I visited a coffee plantation this week on the outskirts of Antigua. Finca la Azotea is actually much more than a coffee plantation; it is a cultural centre with a coffee museum, a wonderful collection of Mayan instruments dating from pre-Columbian times and a very interesting presentation on the costumes and customs of neighbouring Antiguan villages. I was terribly proud of myself, because the tour was entirely in Spanish, and I managed to understand it, which is fun because I’ve never learned Spanish but was able to follow along due to the similarity to French, the bits of vocab I’ve picked up along the way and both of my tour guides’ excellent enunciation. Yes!
The plantation tour was pretty interesting, but halfway through the coffee trees our tour got interrupted by the appearance of the very charming plantation owner, Ricardo, who started chatting to us about work the Finca has been doing to help the local villagers. It was a fascinating conversation. He wasn’t hard on the eyes either.
Ricardo departed and our poor tour guide finally got us back on track. We moved on to view the Mayan instruments. The oddest instrument they demonstrated was a horse-jaw which was played by hitting it so the teeth rattle. Not for the squeamish. I got distracted along the way by some fabulous masks depicting the devil, and seeing as it was December 7th, the day the whole of Guatemala celebrates La Quema del Diablo (The Burning of the Devil), I felt compelled to take some photographs.
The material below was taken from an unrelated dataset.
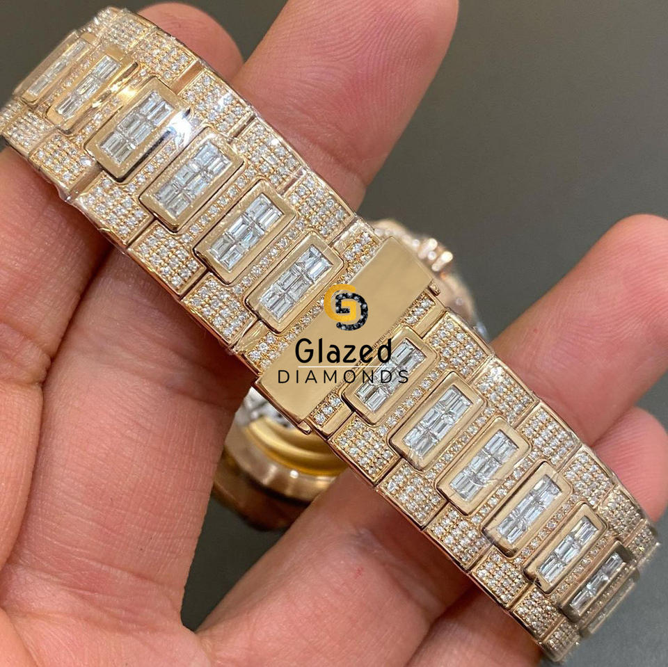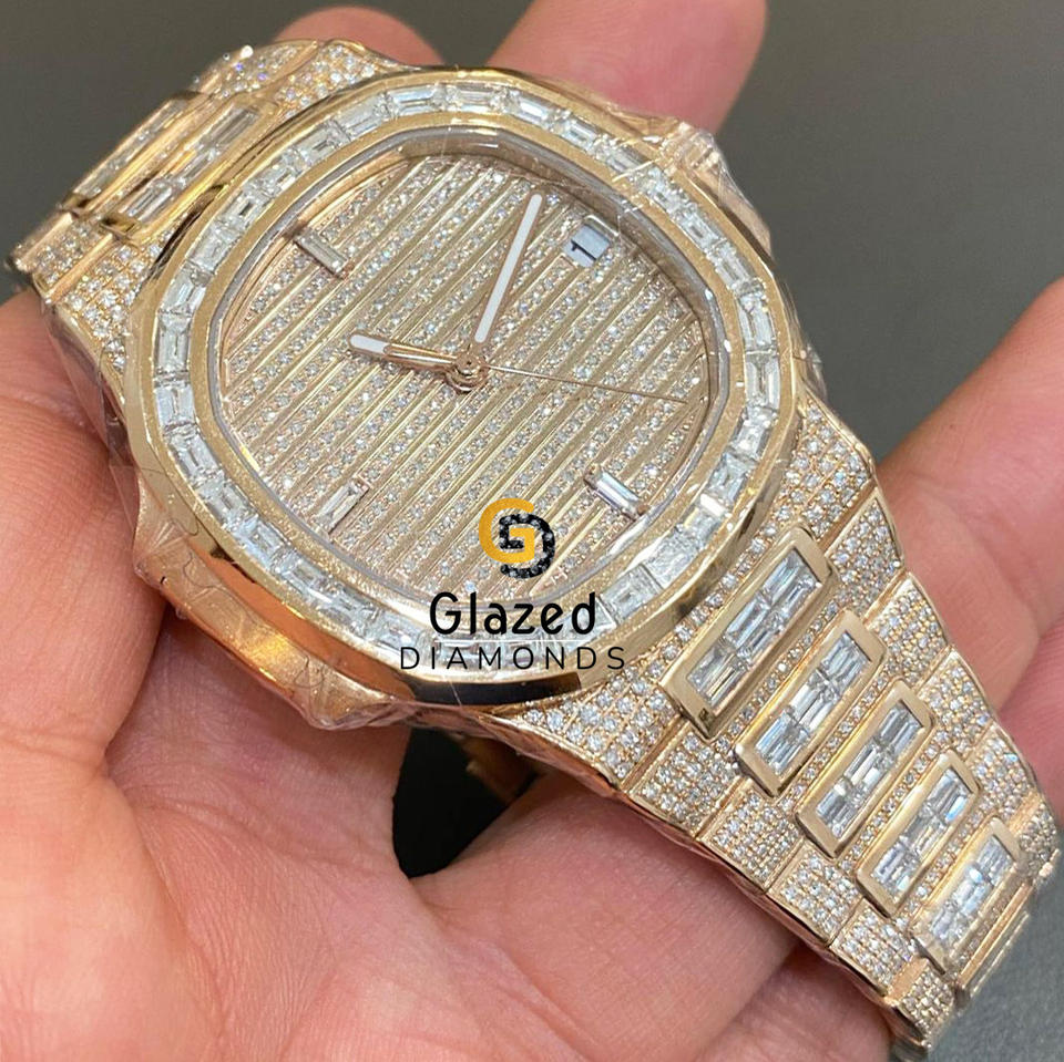 Montre Hip Hop personnalisée pour hommes cultivés en laboratoire avec des diamants taille baguette brillants et étincelants Affichage analogique du cadran en verre

Later on that evening, I headed out with a bunch of friends to explore Antigua by night and see if we could catch any of the devilry afoot in the dark. We were too late to see the actual burning – which incidentally involves setting fire to an effigy of the devil bang smack between two petrol stations, who thought that one up? – but I caught a couple of households holding their own burning ceremonies outside their houses.
When we got to the festival spot there was nothing but ashes left of the devil, the burning waits for no-one, but the party was in full swing, with musicians taking the stage and street vendors flogging glow-in-the-dark devil horns and candyfloss.
Wandering back after the celebrations, I took the opportunity to take in a few of Antigua’s landmarks by night. All in all, a pretty great day, even if the devil burned without me.